Real-Time Electrochemical Measurement of N-Acetyl-ß-D-Glucosaminidase Activity, Using Redox-Tagged N-Acetyl-ß-D-Glucosaminide Hydrolysis as Proof-of-Principle

In-situ amperometry was used as a convenient non-optical tool for the assessment of the chitooligosaccharide-hydrolyzing activity of N-acetyl-$\beta $ -D- glucosaminidase from the marine Vibrio harveyi (VhGlcNAcase). Signal generation used a 3-mm-diameter boron-doped diamond (BDD) electrode for the anodic oxidation of 4-methylumbelliferone (4MU), which is released from the model substrate 4-methylumbelliferyl-N-acetyl-β-D-glucosaminide (GlcNAc-4MU) by enzymic hydrolysis.

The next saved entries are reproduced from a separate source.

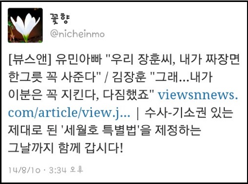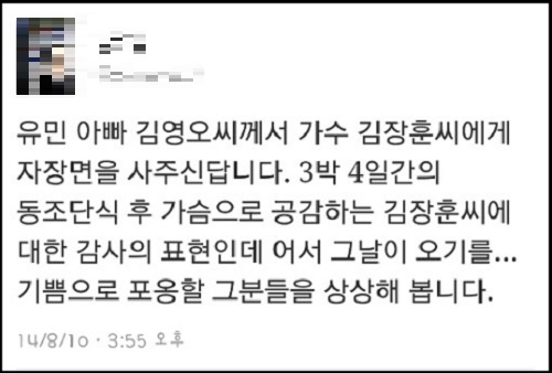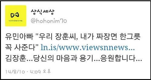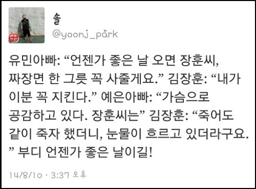 이어 “그러면서 ‘정말 고맙고.. 언젠가 좋은날 오면 우리 장훈씨 내가 짜장면 한 그릇 꼭 사준다’고.. 다른 것도 아니고 짜장면(이) 유민아빠는 그게 젤 먹구싶나봐요”라며 안타까움 마음을 표현했다.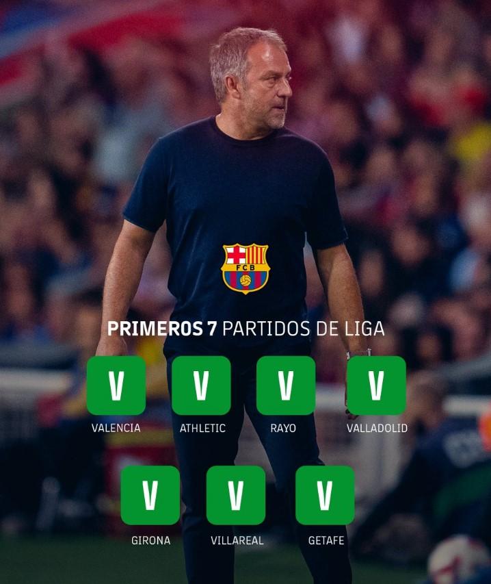 Với 7 chiến thắng liên tiếp tại La Liga, Hansi Flick đã trở thành huấn luyện viên thứ ba trong toàn bộ lịch sử Barcelona thắng bảy trận đầu tiên ở giải VĐQG Tây Ban Nha.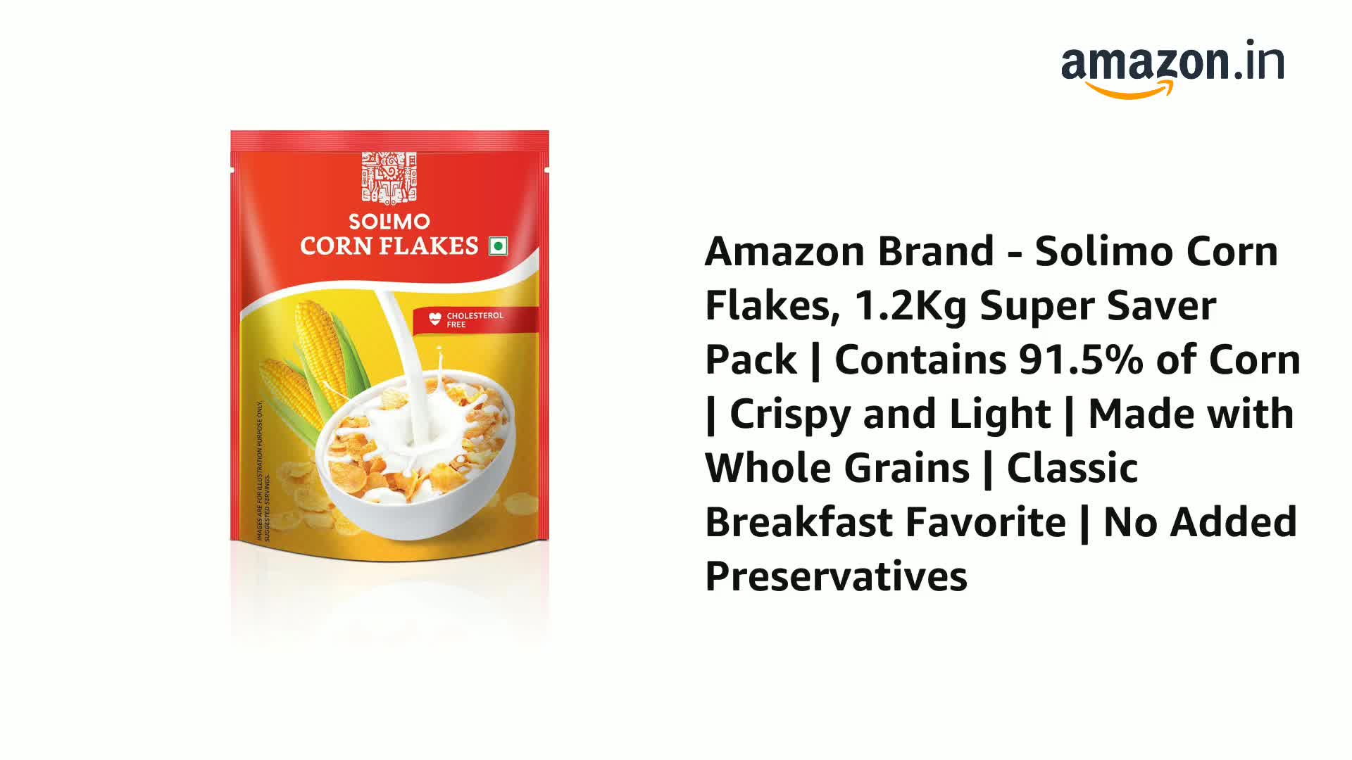 Introducing the Amazon Brand Solimo Corn Flakes 1.2 kg Super Saver Pack. Made with 91.46% Corn the corn flakes are a delicious breakfast meal and a great way to start your day The corn flakes are also naturally cholesterol-free and low in saturated fat. It can be made very easily making it a time-saving meal for those living a busy lifestyle. The corn flakes come with a resealable pouch to ensure that the product can be stored easily and also make for a convenient on-the-go snack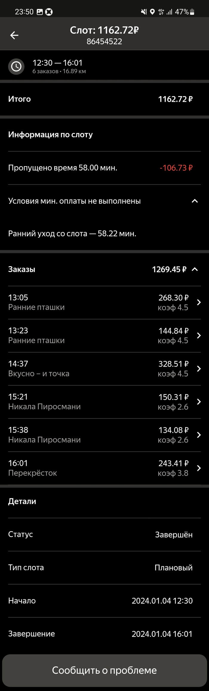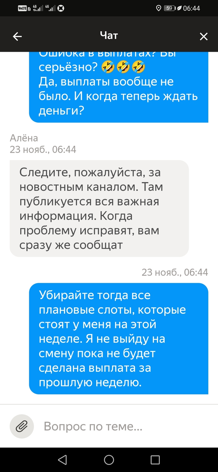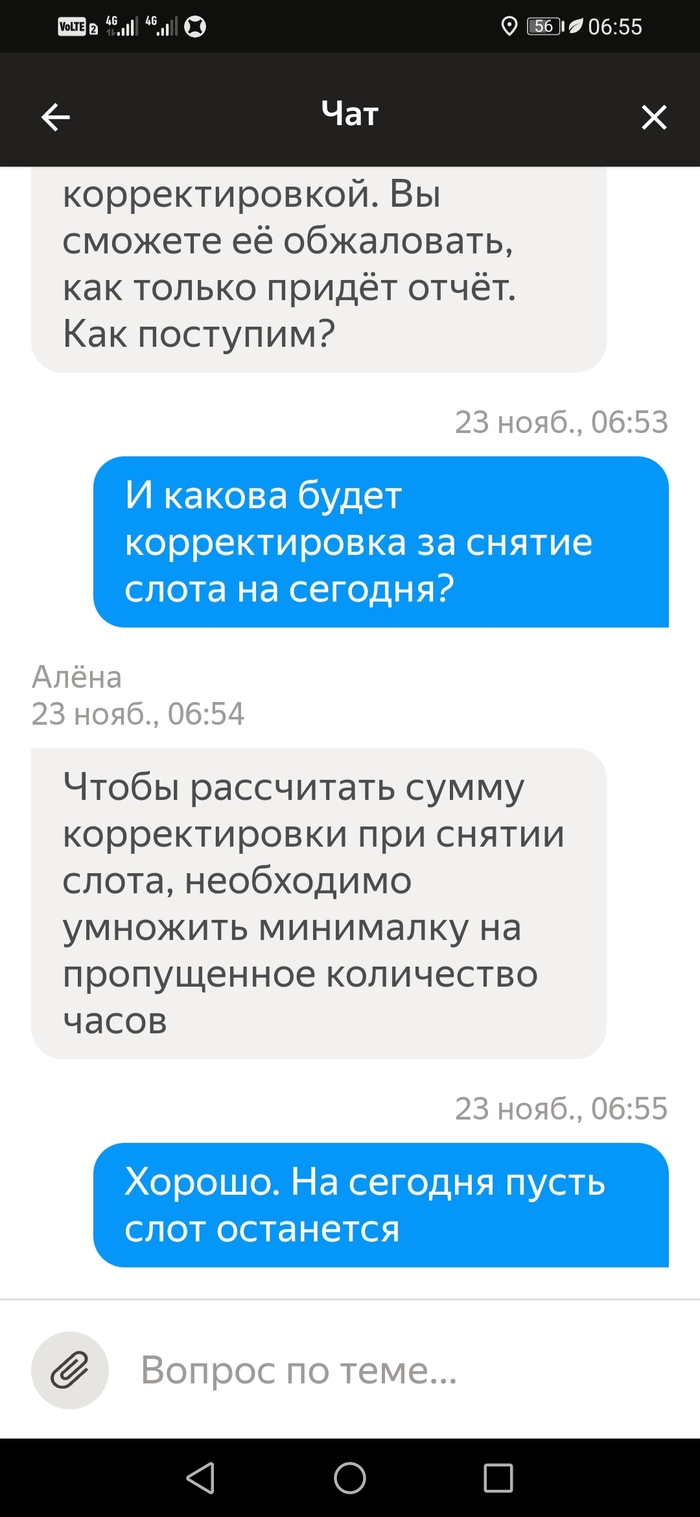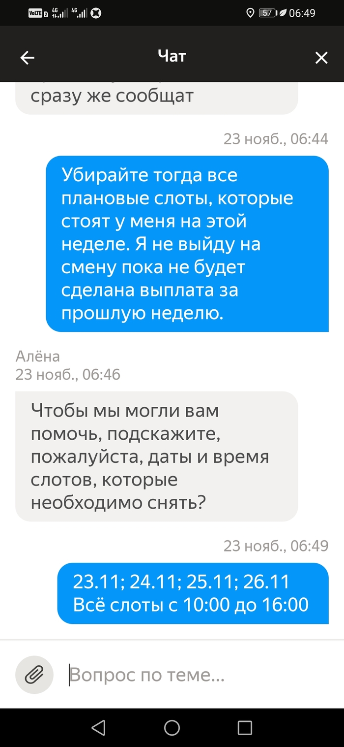 Подбесило это. Я написал им, что не выйду на плановые слоты пока не будет выплаты за прошлую неделю. В итоге 3 слота отменил сам, а один никак. Потому что отмена слота в тот же день когда стоит слот не возможна. Только через поддержку и с корректировкой. Которая считается как минималка в час умножанная на количество часов слота. Итого 150×6=900рублей за отмену слота день в день. И это 6-и часовой слот. А если больше?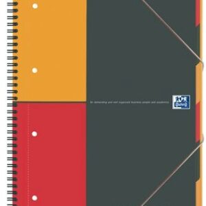 ORGANISER BOOK, cahier trieur à reliure intégrale 180 pages, feuilles A4 perforées détachables 80g, quadrillées 5×5, format 24.5×31 cm, avec 3 rabats et un trieur 6 touches . Fermeture par élastique.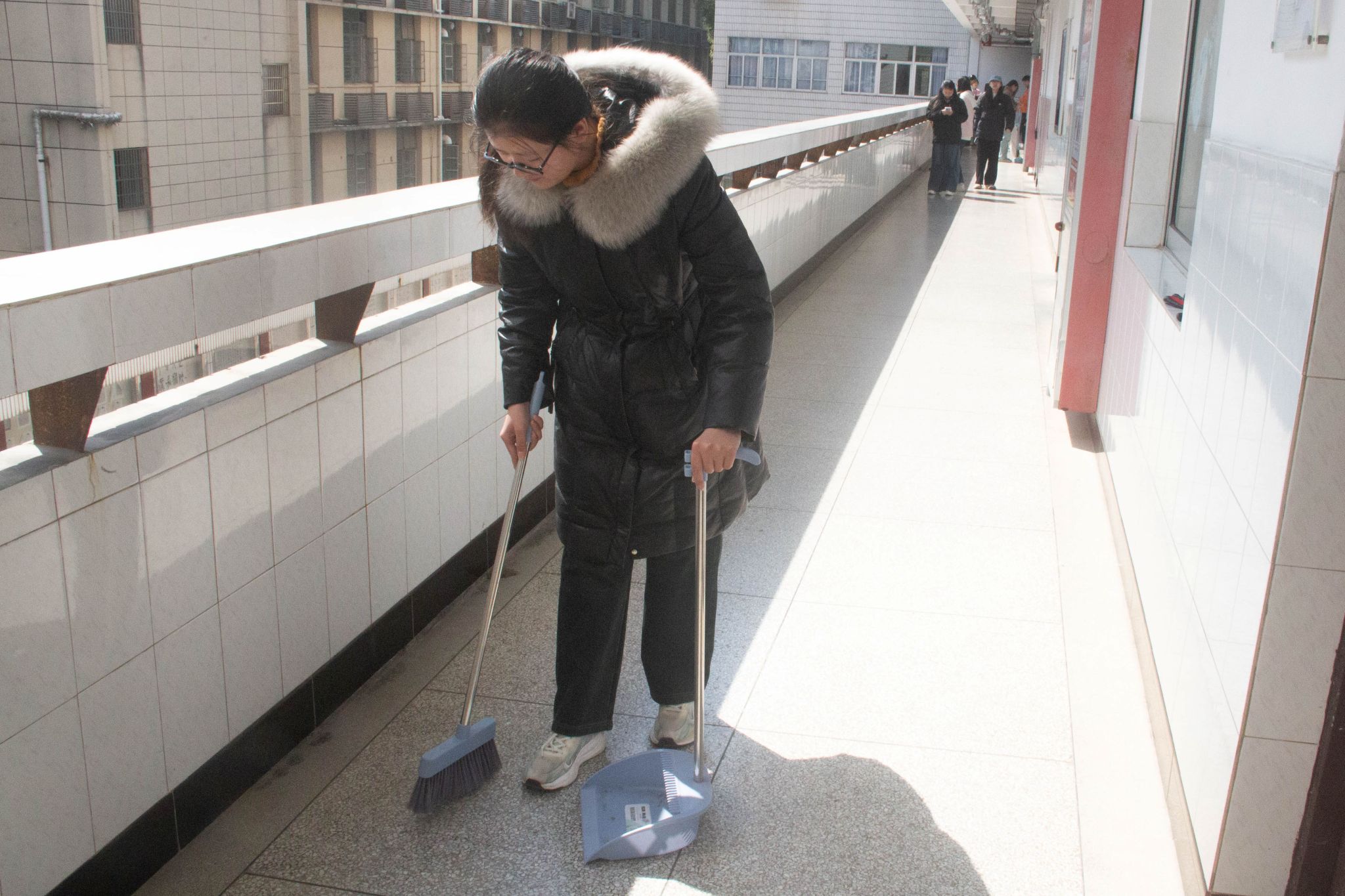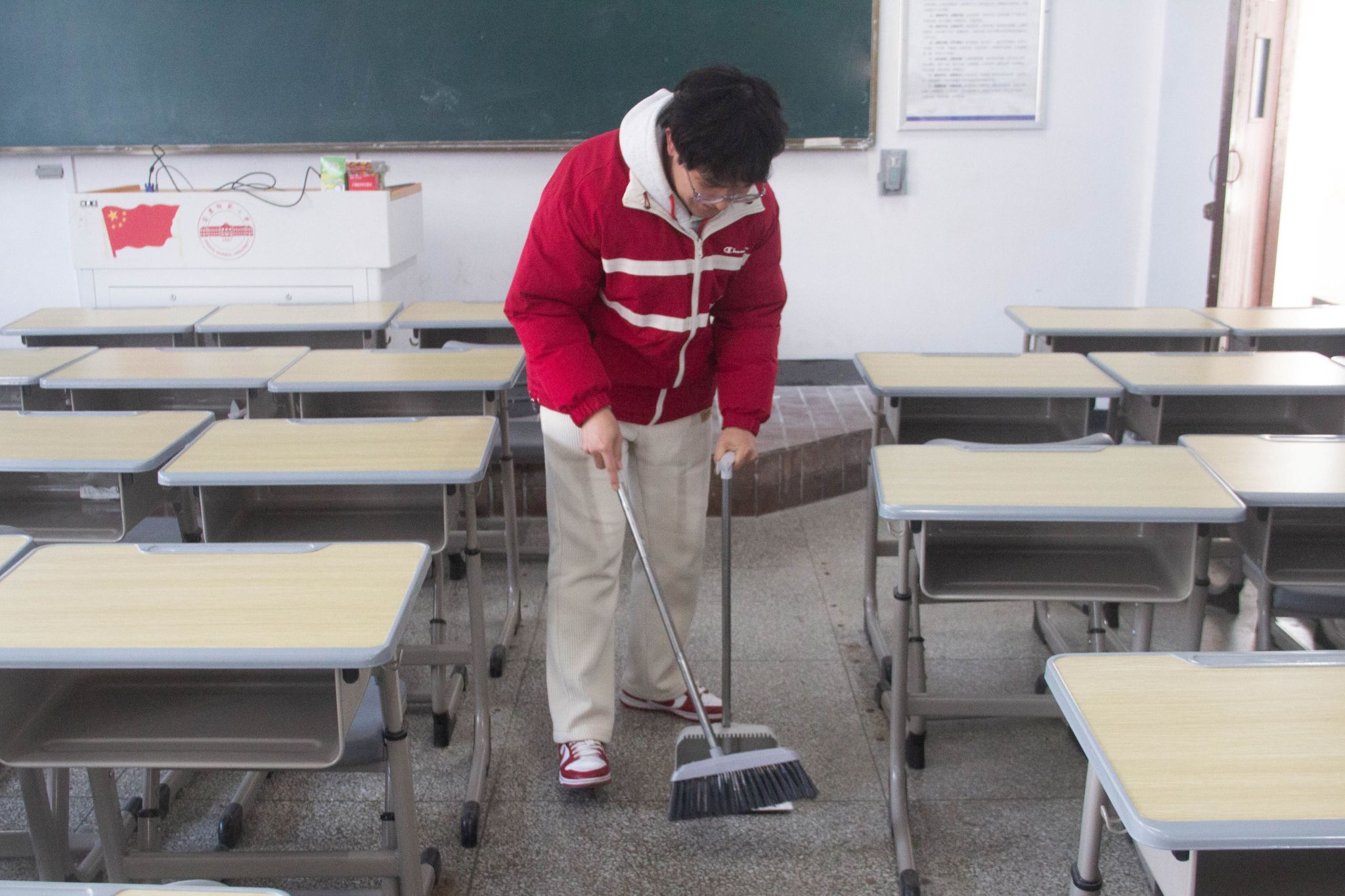 活动当天,五十多名志愿者在教学楼前集结,做好准备工作,确定了清扫范围和具体任务分工。整理桌椅、捡拾垃圾、擦拭黑板……在清扫过程中,志愿者们分工合作,秉持吃苦耐劳、无私奉献的雷锋精神,认真清理每一个角落,确保教室环境干净整洁。在清扫过程中,为避免打扰在教室内自习的同学们,志愿者们保持安静,在打扫卫生的同时尽量放轻脚步。活动结束后,志愿者们自觉将垃圾袋投入垃圾桶,将清洁工具整理归位,确保现场整洁有序。2024级中国语言文学类专业(6)班张敬晗说道:“虽然清扫工作有些辛苦,但看到教室变得整洁明亮,我感到非常有成就感。这次活动让我深刻体会到,维护校园环境需要我们共同努力。”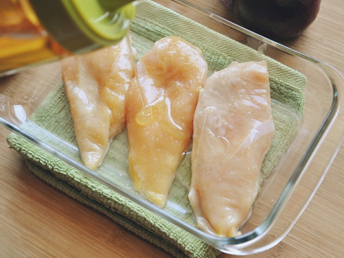 Step1: 鸡胸肉用盐、黑椒、生粉和油腌制,并且稍作按摩帮助入味。(至少30分钟,可以的话最好前一天晚上准备好)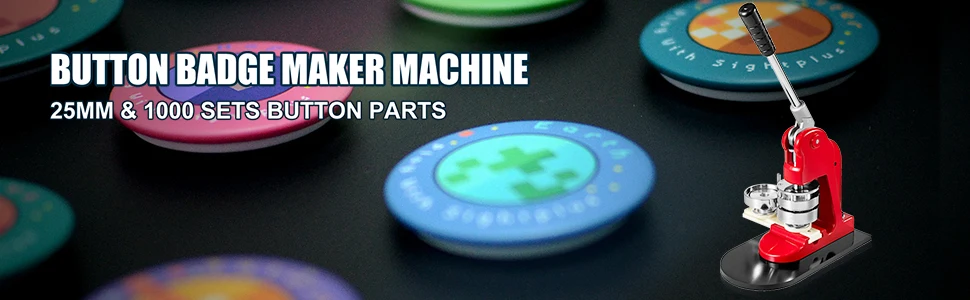 1 x машина для изготовления кнопок 1 х многоразовый круглый резак 1000 x комплектных частей кнопок (корпуса/фронты, штифты и пластик/майлар), чтобы сделать 1000 кнопок.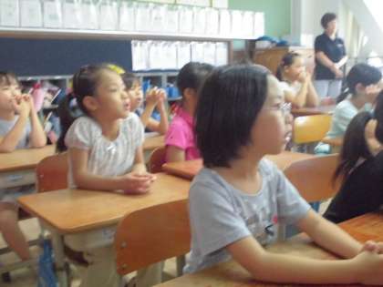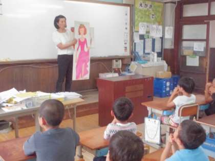 今日の給食は楽しみにしていたメニューです。2年生はランチルームでおいしくいただいた後,栄養教諭の先生から紙芝居で野菜や牛乳を摂取する大切さについて学びました。みんな紙芝居の世界に入り込んで聞いていました。好き嫌いなく食べられるといいですね。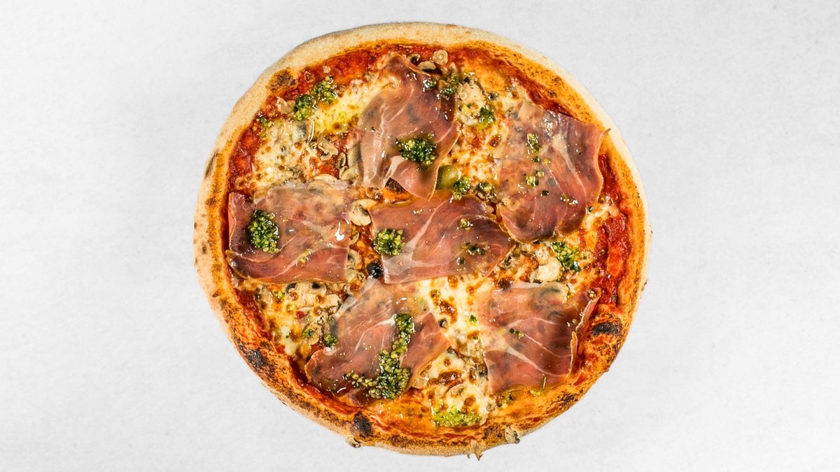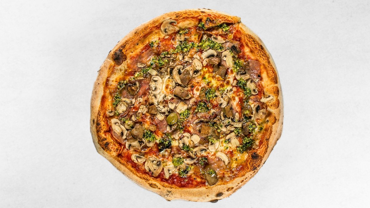 Pelati, mozzarella, gobe, pršut, tržaška omaka, origano, oliva

The recorded rise in 4MU electrode current reported the release of the redox label in real time and amperometric data analysis reproduced the Michaelis-Menten VhGlcNAcase activity plots derived from standard spectroscopic assays. Since it provides continuous readout, amperometry avoids the use of reaction-stopping chemicals and is also practical in turbid test solutions. Furthermore, the established electrochemical enzyme activity assay offers the chance to study novel substrate-attached redox tags and to explore assay miniaturization through implementation in microfluidic devices, enables portable assay development through the use of mini-potentiostats with smart phone/tablet connectivity and aids assay automation through combination with platforms for robotic electrochemistry.